----- RECORDED DATA -----

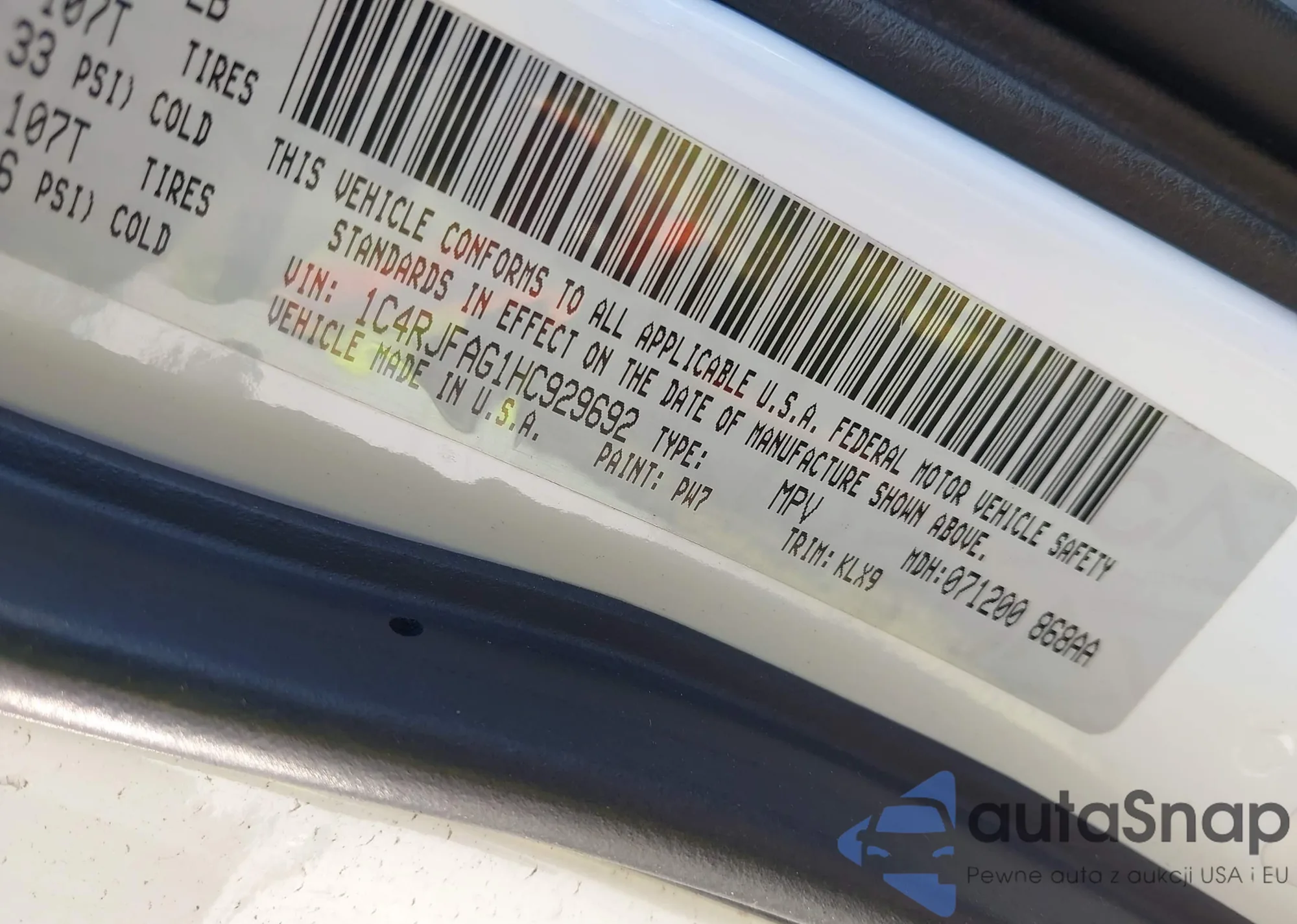 VIN: 1C4RJFAG1HC929692
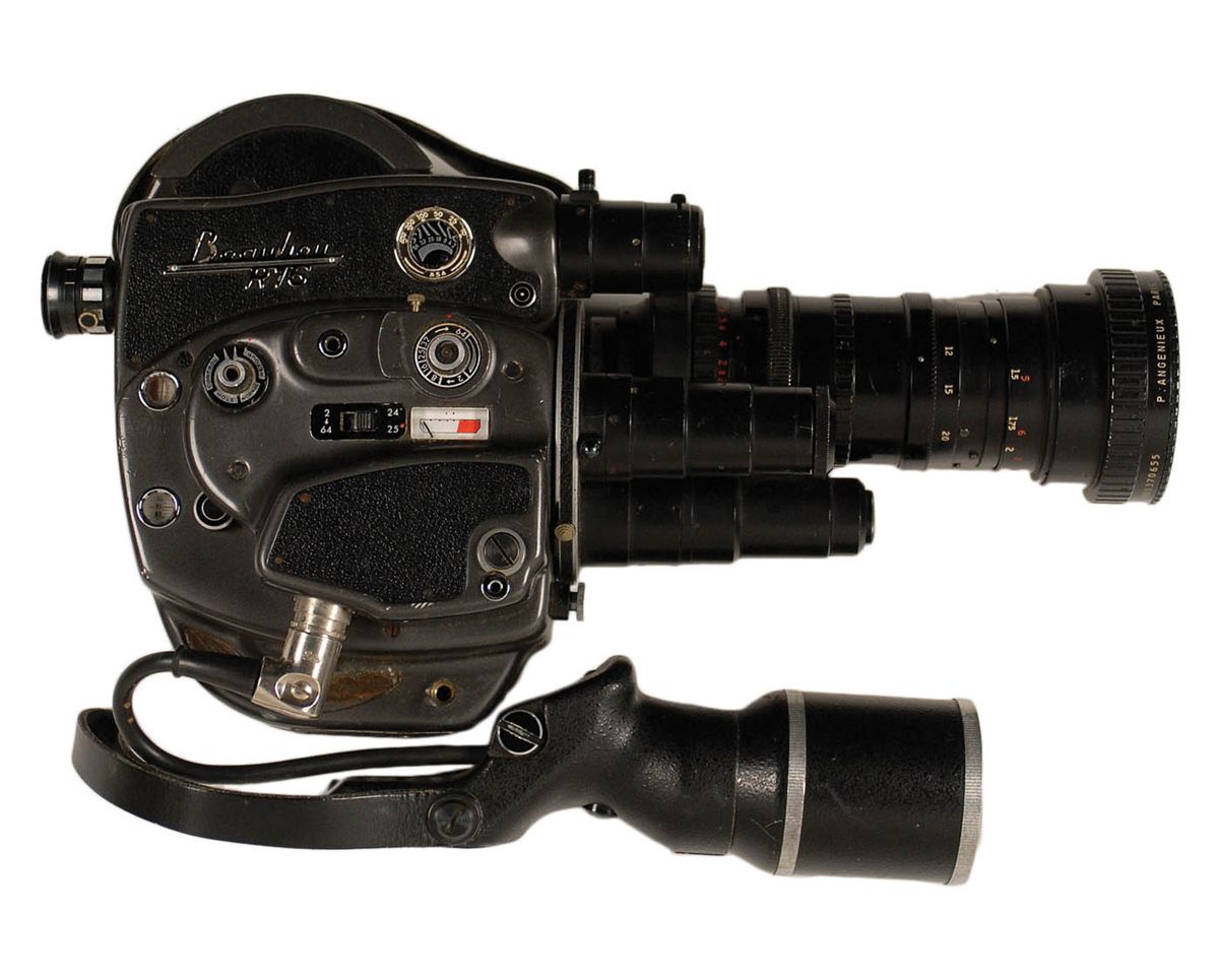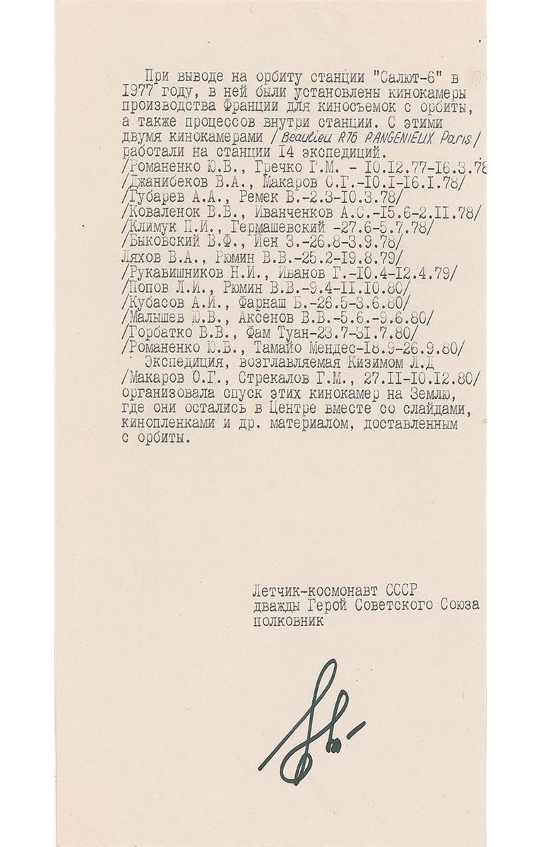 Extensively flown Beaulieu movie camera flown to the Salyut 6 space station on board Soyuz 26 in 1977 and returned to earth three years later on board Soyuz T-3. This 16 mm camera is fitted with a semi-automatic P. Angenieux (Paris) 120 mm zoom lens that is designed for outdoor use only. During the period this was on board the space station it was available for use (during EVAs only) by a total of 29 cosmonauts who served aboard Salyut 6, including Yuri Romanenko, Georgi Grechko, Vladimir Dzhanibekov, Oleg Makarov, Aleksei Gubarev, Valery Bykovsky, Leonid Kizim, and Gennady Strekalov. Camera is accompanied by a counterbalance and battery which screws into the bottom. Also accompanied by a typed letter of authenticity from Valery Bykovsky, listing the 29 cosmonauts who had access to the camera while it was in space. In fine and apparent working condition. A total of three space walks were conducted on Salyut 6 from 1977–1979, although it is unknown if this camera was used during any of the EVAs. Provenance: Ex-Valery Bykovsky; Superior Auction.
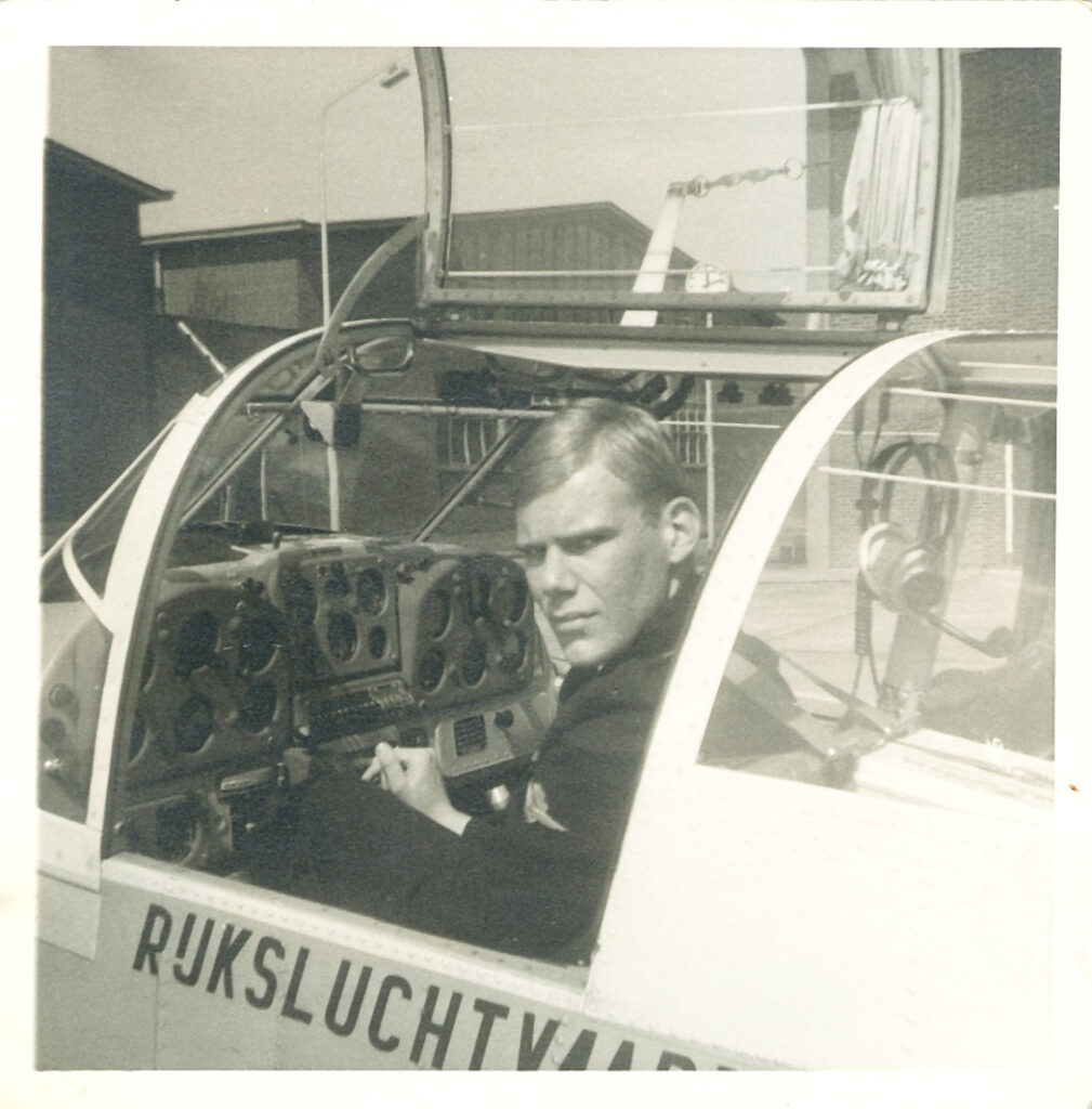 Na de verhuizing naar Eindhoven was Peter vaak te vinden in de buurt van het Beatrixkanaal op een plek waar hij de F-84F Thunderstreaks voorbijzag taxiën. Peter: ‘Behalve de boeken van Hugo Hooftman las ik de stripboeken over Buck Danny. Als ik die mannen met hun witte Buck Danny-helmen in die jagers zag zitten, wilde ik niets liever dan hun voorbeeld volgen. Mijn vader dacht er anders over. Het was niet vanzelfsprekend dat jachtvliegers op een later moment een switch konden maken naar KLM. Op Teuge en Welschap ging ik zweefvliegen. Later meldde ik me aan bij de RLS (Rijksluchtvaartschool in Eelde; red). Er waren iets meer dan tweeduizend aanmeldingen. Twintig mensen werden aangenomen waarvan ik er één was. Er werd getraind op de Saab 91D Safir. Omdat ik nog dienstplichtig was kon ik na mijn vliegopleiding niet meteen bij KLM beginnen.’
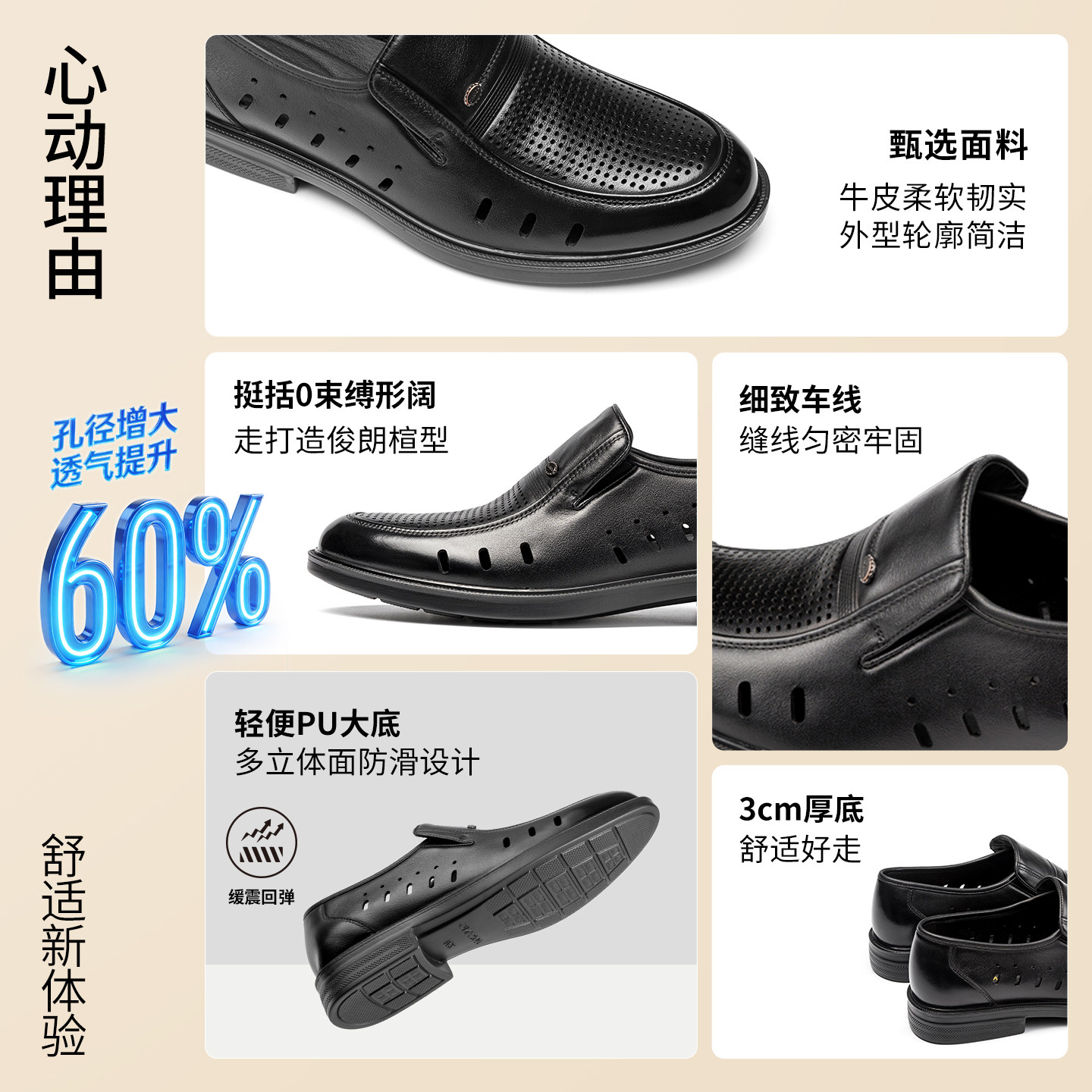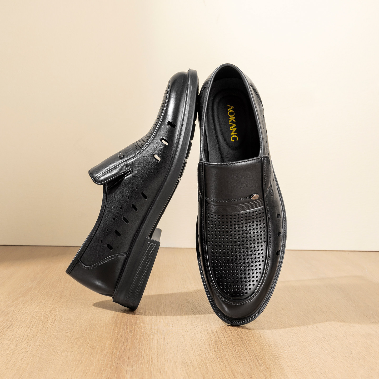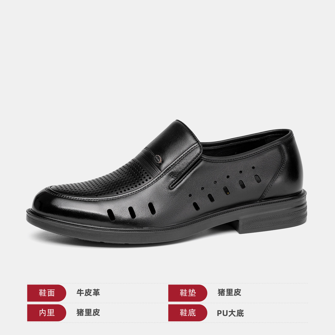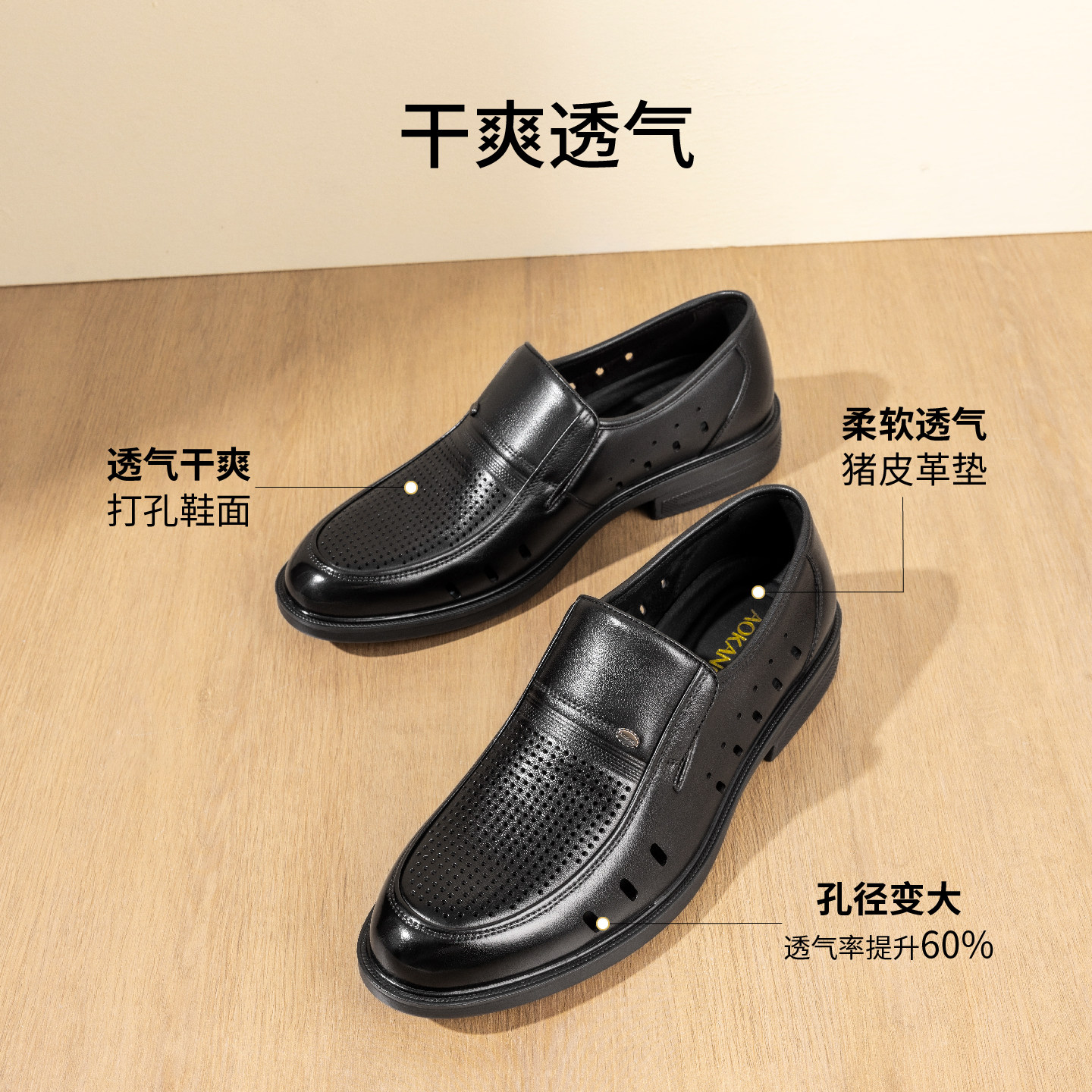 奥康2026春夏季新款打孔透气休闲皮鞋懒人一脚蹬软底舒适镂空皮鞋

-----

### EXERCISE OBJECTIVE
Leave out the pictures and restate, word for word, the lines from the top of the data through the line containing "Extensively flown Beaulieu", both included.

### PROBLEM SOLUTION
 VIN: 1C4RJFAG1HC929692
 Extensively flown Beaulieu movie camera flown to the Salyut 6 space station on board Soyuz 26 in 1977 and returned to earth three years later on board Soyuz T-3. This 16 mm camera is fitted with a semi-automatic P. Angenieux (Paris) 120 mm zoom lens that is designed for outdoor use only. During the period this was on board the space station it was available for use (during EVAs only) by a total of 29 cosmonauts who served aboard Salyut 6, including Yuri Romanenko, Georgi Grechko, Vladimir Dzhanibekov, Oleg Makarov, Aleksei Gubarev, Valery Bykovsky, Leonid Kizim, and Gennady Strekalov. Camera is accompanied by a counterbalance and battery which screws into the bottom. Also accompanied by a typed letter of authenticity from Valery Bykovsky, listing the 29 cosmonauts who had access to the camera while it was in space. In fine and apparent working condition. A total of three space walks were conducted on Salyut 6 from 1977–1979, although it is unknown if this camera was used during any of the EVAs. Provenance: Ex-Valery Bykovsky; Superior Auction.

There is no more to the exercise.